As a further point, there is no guarantee that the results of paid and unpaid labour during a relationship benefit both partners equally. The question of equality on the financial side has been studied (McKinlay and Easting, 1994), but I have not come across any studies on the extent to which unpaid labour is applied to meet individual partners' needs.
5. CONCLUDING REMARKS
To conclude, I shall return to the three questions raised in the introduction. On average, in return for the larger financial contribution, men do appear to receive more non-monetary benefits than they provide. The measures available for this are poor, and there are issues of definition of tasks, simultaneous performance of activities, and the use of an input measure (hours spent) as a proxy for output [footnote 11].
It is notable that, on average, unpaid work appears to be valued more highly, on an hourly basis, than paid work.

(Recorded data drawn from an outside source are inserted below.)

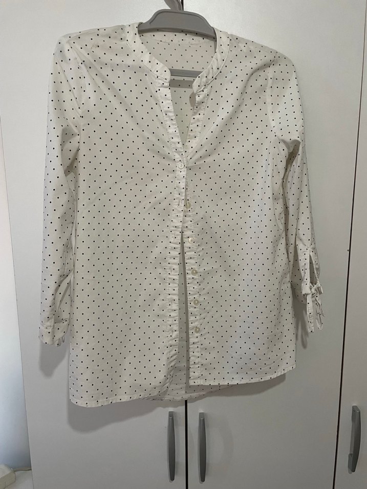 Uzun Kollu Beyaz Puantiyeli Kadın Gömlek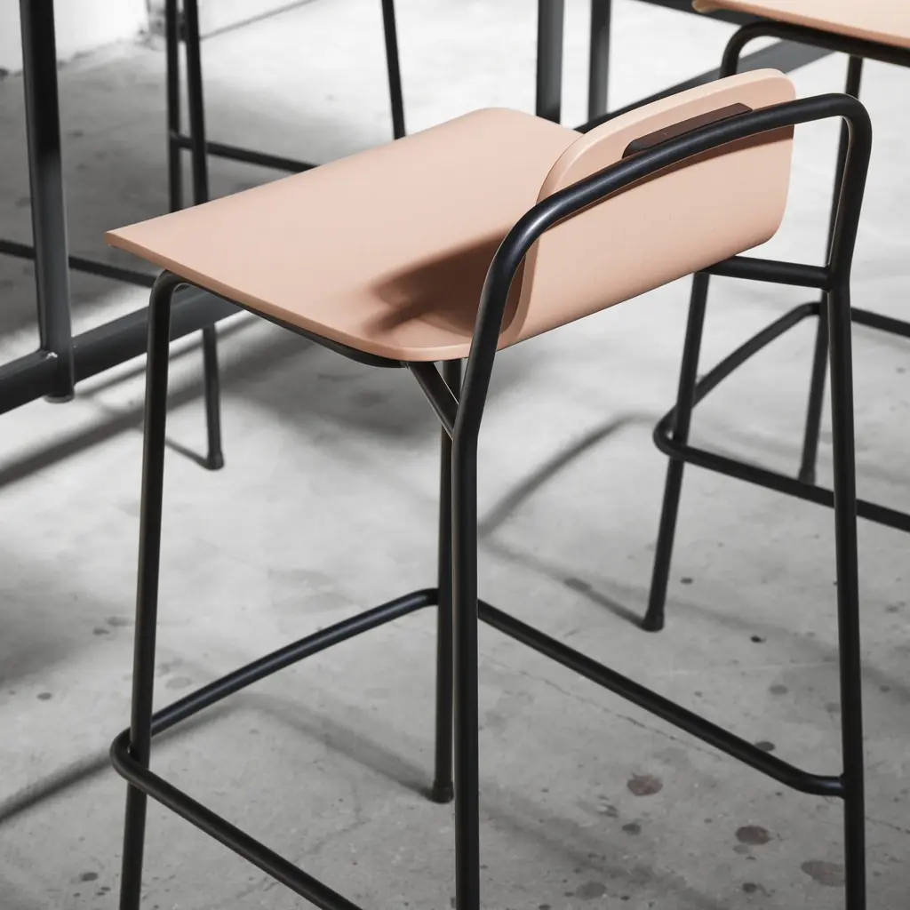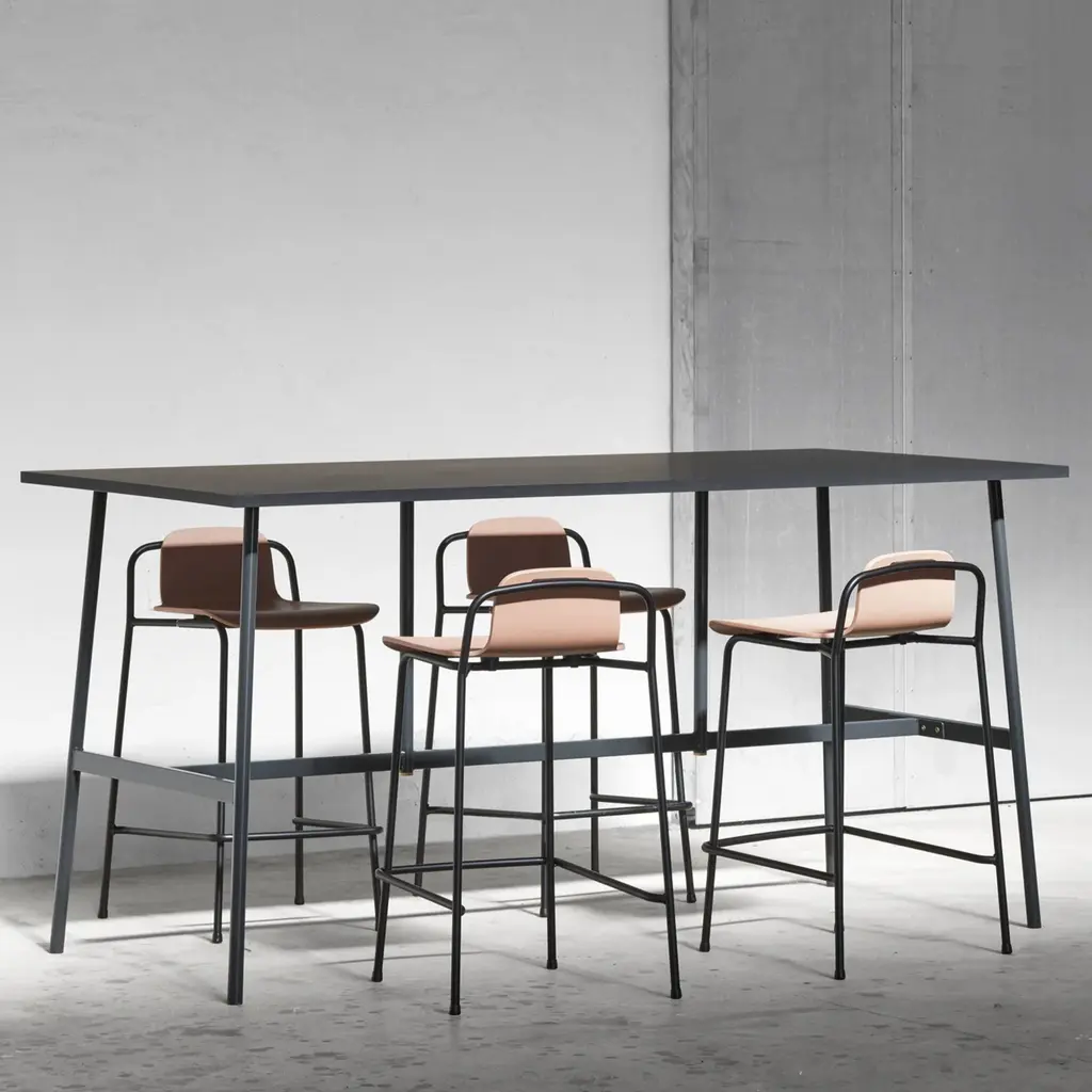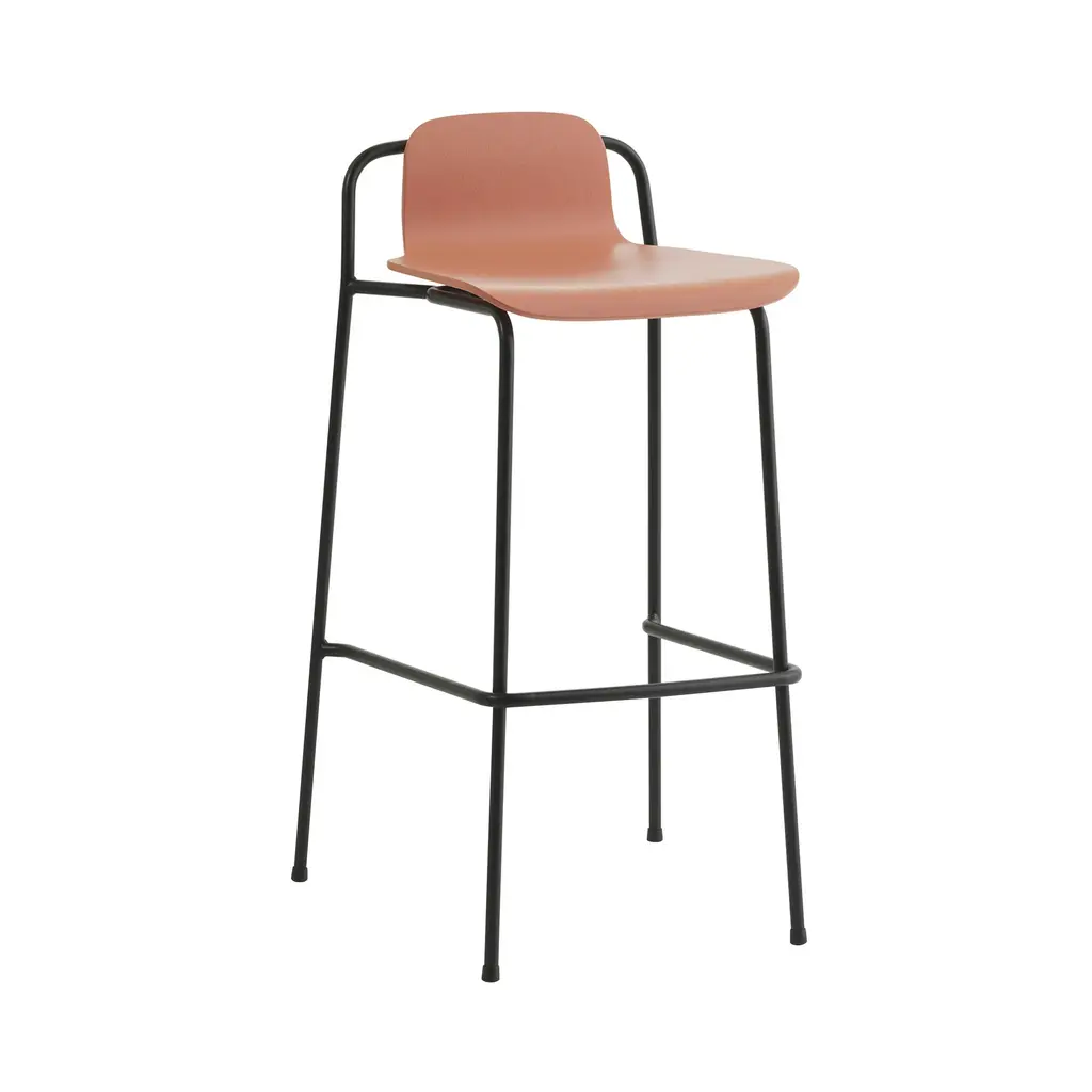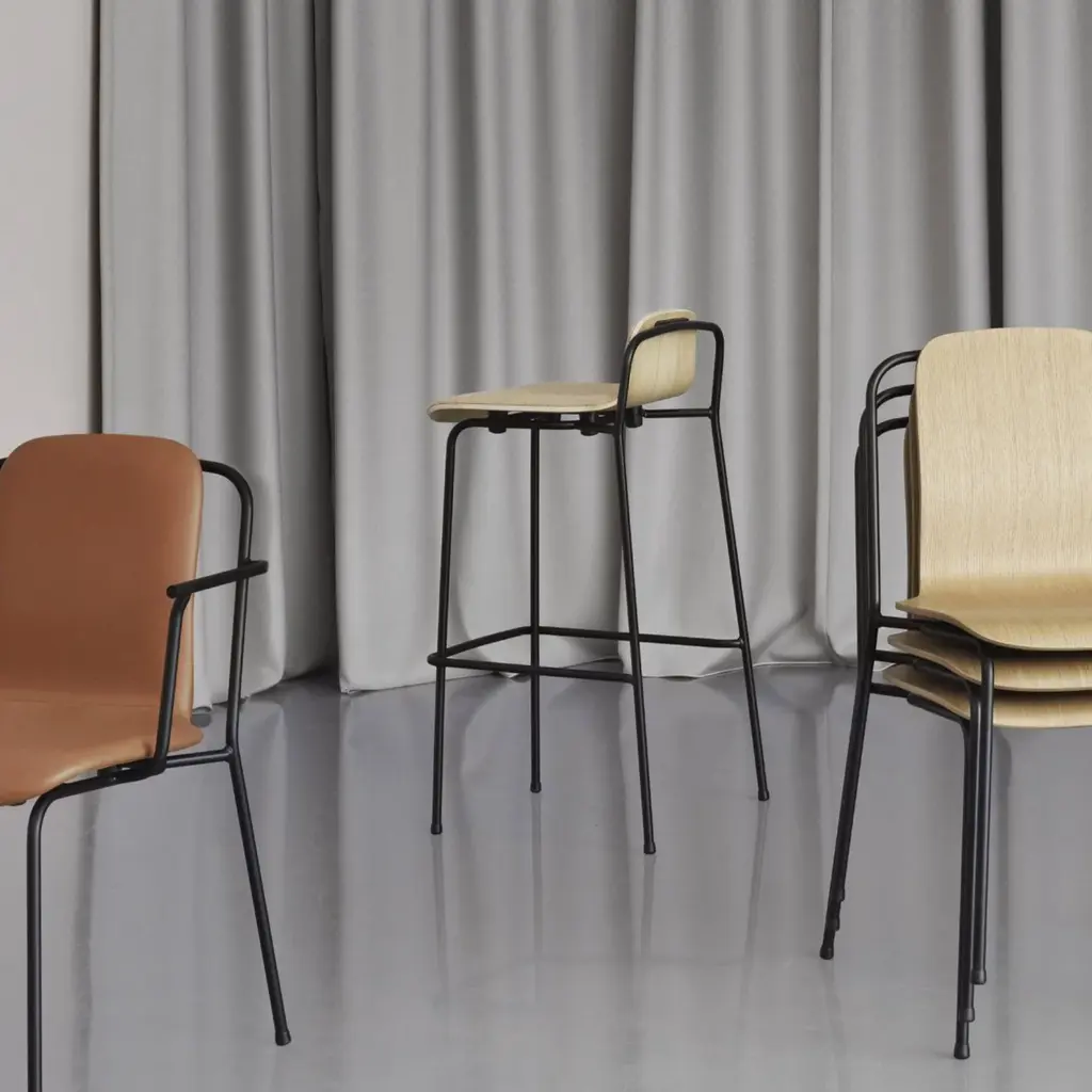 Designer Simon Legald's modernist Studio template expands with this bar and counter stool for Normann Copenhagen. With its signature flowing lines, the slender black frame graphically complements the molded wood-veneer shell. More than just an eye-catching silhouette, the ergonomic seat is also deeply comfortable. And the stool is handily stackable when not in use—ideal for hospitality areas or educational venues—and the steel frame makes it easy to grab hold of and move around.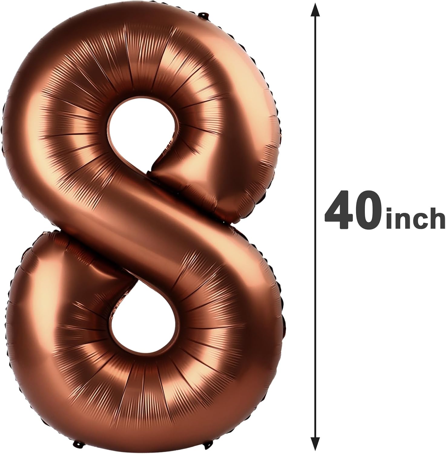 • 1.Make Party Charming with Dark Brown Number Balloon: You will receive an uninflated 40 inch number 8 balloon. Big number balloons are always the best statement of romance and surprise. Coffee brown balloons symbolize vitality exoticism, adding glamour to birthday parties.Bright metallic dark brown and huge size make coffee balloons a highlight of special parties. Choose one or more numbers from 0-9 birthday numbers,and use 8 18 28 38 48 58 68 78 80 98 balloon numbers to create a charming party!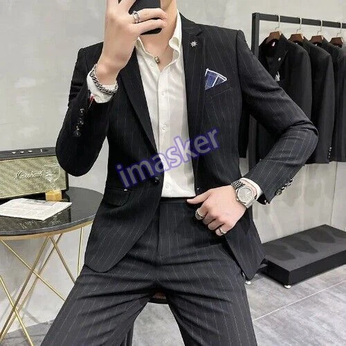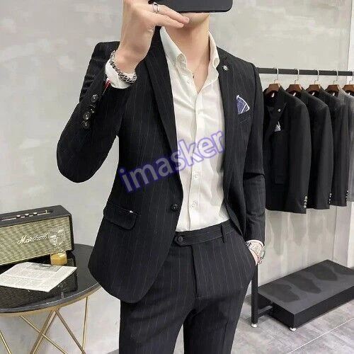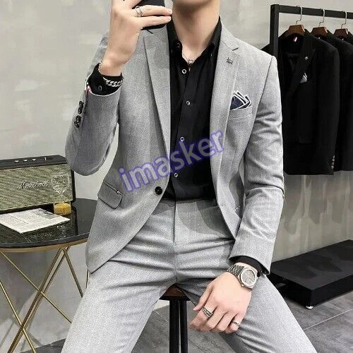 $ 10.56Men's Luxury Spring Business Wedding Suit Double Breasted Coat & Pants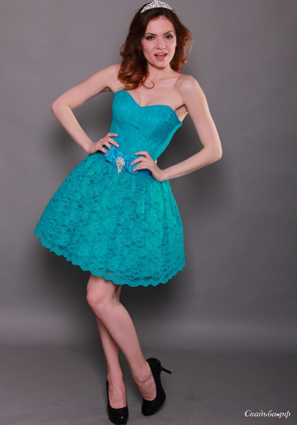 Бренд: Elena Solodkova. Короткое платье из голубого кружева силуэта "принцесса".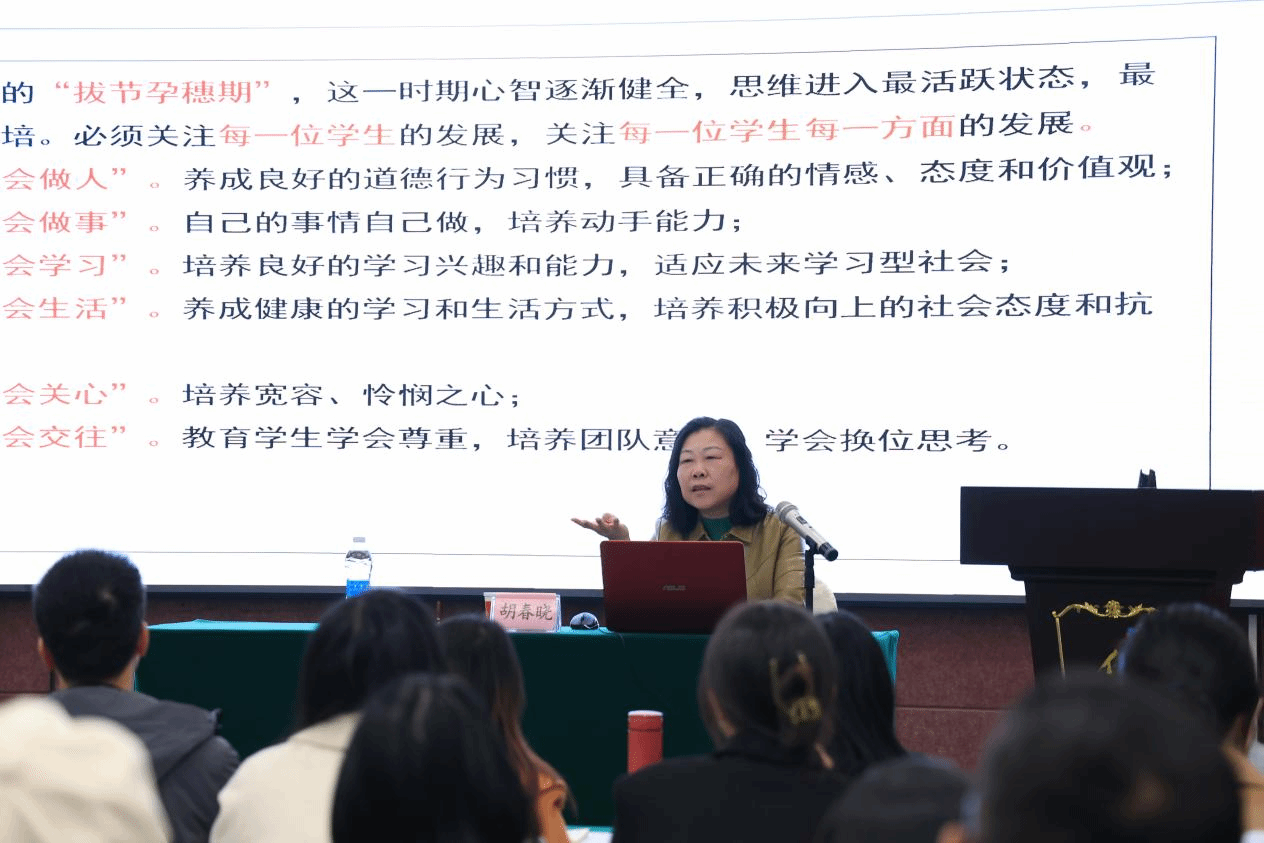 胡春晓为来自省内11市的80位学员作了题为《新时代教师核心素养与自主发展》的讲座。她站在国家发展、民族振兴的高度,为全体学员深入解读了党的十九大以来党的教育方针和习近平总书记关于教育的重要论述,并围绕核心素养的由来及内涵、新时代教师的核心素养和新时代教师的自我发展三大主题,作了深刻的阐述。
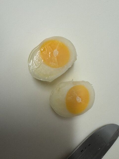 >冷凍卵は流水にさらすと、簡単に殻がむけます。白身が溶けて流れないうちに、包丁で半分に切ることも可能。そのため、冷凍卵で目玉焼きが2個作ることも!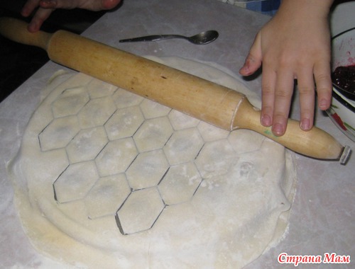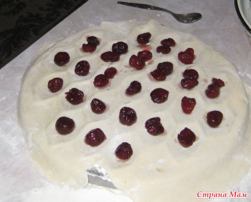 поэтому использую форму специальную да "рабсилу"Раскатала круг, на форму положила, вишенкой заполнили
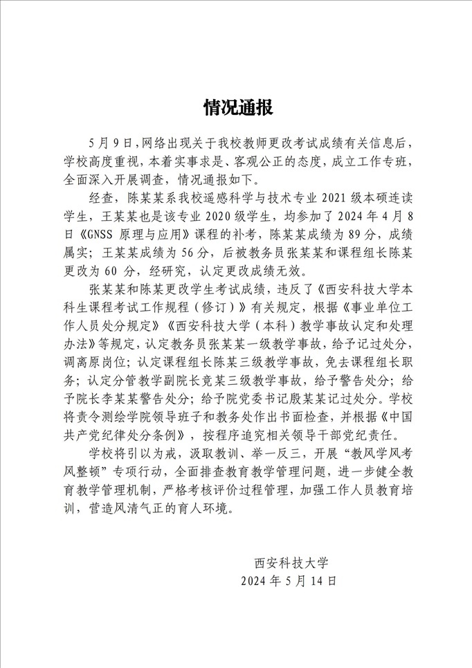 ·學(xué)生成績按“鬧”修改?西安科大通報:更改成績無效,多人被處分。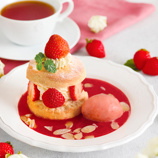 バニラビーンズ入りのさっくりふわっと食感のスコーンにフレッシュ苺、レモンミルクホイップをサンドしました。ストロベリージェラート、甘酸っぱい苺のソースとともに。
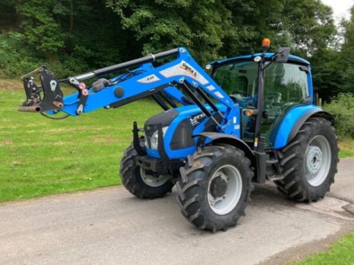 Landini 5-110H Tractor in excellent good condition, year (March) 2017, 4298 hours, Deutz 107HP engine, 40kph 32×16 power shuttle transmission with three-stage powershift, 94L/Min pump, two manual spools, three-speed PTO, push out a hitch, rear-wheel weights, air con, air seat, passenger seat, sunroof. On 380/70 R24 front tyres (40%) and Michelin 480/70 R34 rear tyres (50%). Fitted with Sigma 4 Iron self-leveling front loader with euro headstock and soft ride. Clean and tidy one owner tractor.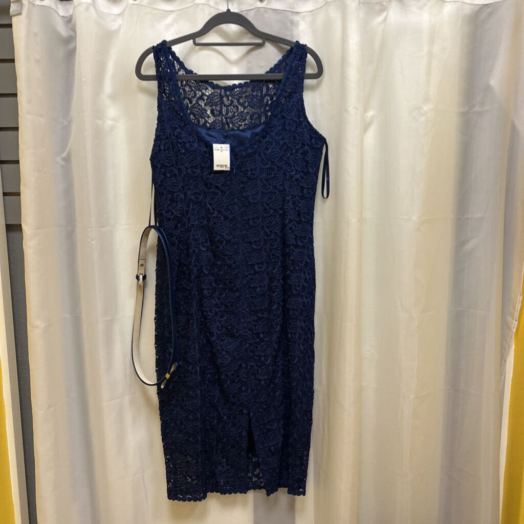 Sleeveless below knee lace overlay with belt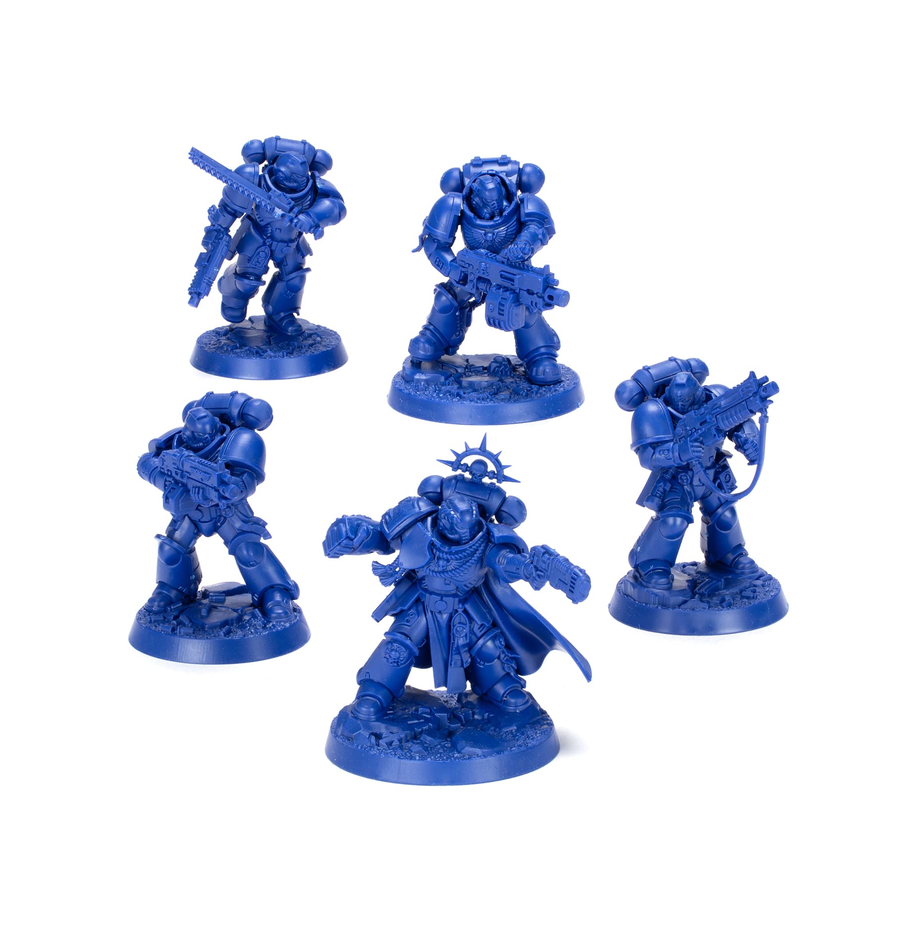 – Fünf Space Marines – genetisch verbesserte Supersoldaten in Servorüstung, die Waffen führen, die selbst die zähesten Ziele vernichten können. Sie sind aus blauen Kunststoff und können ohne Werkzeug gebaut werden.

The greater men's contributions and the smaller women's contributions become to unpaid work, ceteris paribus, the greater the difference in values becomes. As the results of paid work (i.e. earnings) are transferable over time and distance, it is possible for financial transfers to be made outside the time of a relationship. This would tend to penalise men as their financial contributions are generally greater.
In summary, there are major distortions in the domestic unpaid labour market. It is likely that some men lose and some obtain a net benefit. It is highly unlikely, however, that optimal outcomes are frequently achieved, and it would appear that, on average "unpaid" work is highly priced.